# Walk-Through 2008 at the Watts' House



## Just Whisper (Jan 19, 2009)

Due to limitations in yard space (I have a pool in back yard so cannot use it to extend haunt), and homeowners' restrictions, I have to create a walk-through using only my front lawn. This definitely makes it harder to create an element of surprise. I created a path using green christmas rope lights, and the TOTs have to follow the path through the haunt. They always enjoy it, even though it is simple, and I get around 300 visitors. My nighttime video is just too hard to see, like most people's. So I shot at daytime so you could see the props. You'll just have to add the fog, lights and children screaming in your own mind.


----------



## Haunted Bayou (Feb 16, 2007)

That looks like a lot of fun. I wish I could see it at night.


----------



## Draik41895 (Oct 25, 2008)

thats great!i love the pirate song


----------



## RoxyBlue (Oct 6, 2008)

Outstanding! The sound track you put together is just amazing, the props are wonderful, and I LOVE your cat!


----------



## Just Whisper (Jan 19, 2009)

*Night time video*

Thanks all. If you truly want to suffer through it, I have a night version of this. It was filmed using a small spotlight though, as my camcorder sucketh at night recording. Also, my fog machines all crapped out (but one) early in the evening. Bad solution. AND (as if I needed more problems on Halloween night), I was having major electrical malfunctions all evening and did not get to record until after the TOTs had left. So it is pretty quiet in my yard. If you have watched the day version you will already have an idea what it's really suppose to look like.


----------



## pyro (Oct 7, 2006)

it all looks good JW--i like the wolf in the cage, i think ill steal that one,,, i mean borrow


----------



## Hauntiholik (May 17, 2006)

You've got a lot going on there!
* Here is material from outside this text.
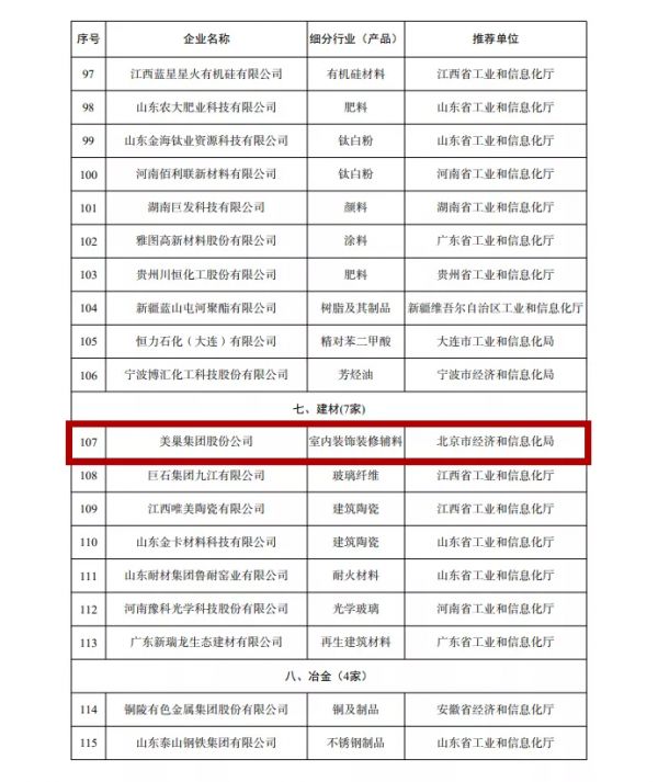 中华人民共和国工业和信息化部发布了工业产品绿色设计示范企业(第三批)公示名单,本次评选囊括了全国电子电器、机械装备、建材等八大领域的117家优秀企业,美巢集团凭借在产品绿色设计方面所取得的卓越成绩荣登榜单,成为北京市唯一上榜的建材企业。

Great walk through.


----------



## Front Yard Fright (Dec 23, 2005)

Very very nice job!
I LOVE all the animations you have in your haunt!
Very cool!
.


----------



## Bone Dancer (Oct 7, 2005)

nicely done, can't decide what I like best, very good job.


----------



## ghost37 (Jul 30, 2008)

Great video and soundtrack and a lot of props. I love the wolf in the cage!


----------



## Don Givens (Dec 2, 2008)

You certainly have a lot going on there. Good job.


----------



## Spider Rider (Nov 8, 2006)

Nice, the kids must love it! I agree on the wolf in the cage. All of the animated creatures really make an impression.

Your kitty looks like one of ours, who also is very interested in all of the Halloween hulabaloo.


----------



## jdubbya (Nov 6, 2005)

That was really enjoyable! I loved the werewolf scene. Ditto on all the variety of animation. Your TOT's have got to love coming to your place. Great job!


----------



## Bethene (Jan 19, 2008)

great haunt, just whisper, love all the animations,did you make all those them self ? Can't immagine what all you would do if your could do your back yard also!


----------



## Just Whisper (Jan 19, 2009)

Thanks everyone for the nice comments. Spider, I saw a pic of your kitty earlier and thought she looked a lot like mine. Very pretty. Bethene, nice to hear from you. I guess I would like to be able to spread my props out a little more so the TOTs aren't distracted by the last one and nearly miss the effect of the next one. I think I have figured out a way to use a small part of my back yard this year. I actually got the idea from something Pyro did that had nothing to do with this. LOL I think my TOTs all agreed with you guys, the wolves were the overwhelming favorite this year. Yes Bethene, I make all my own props.


----------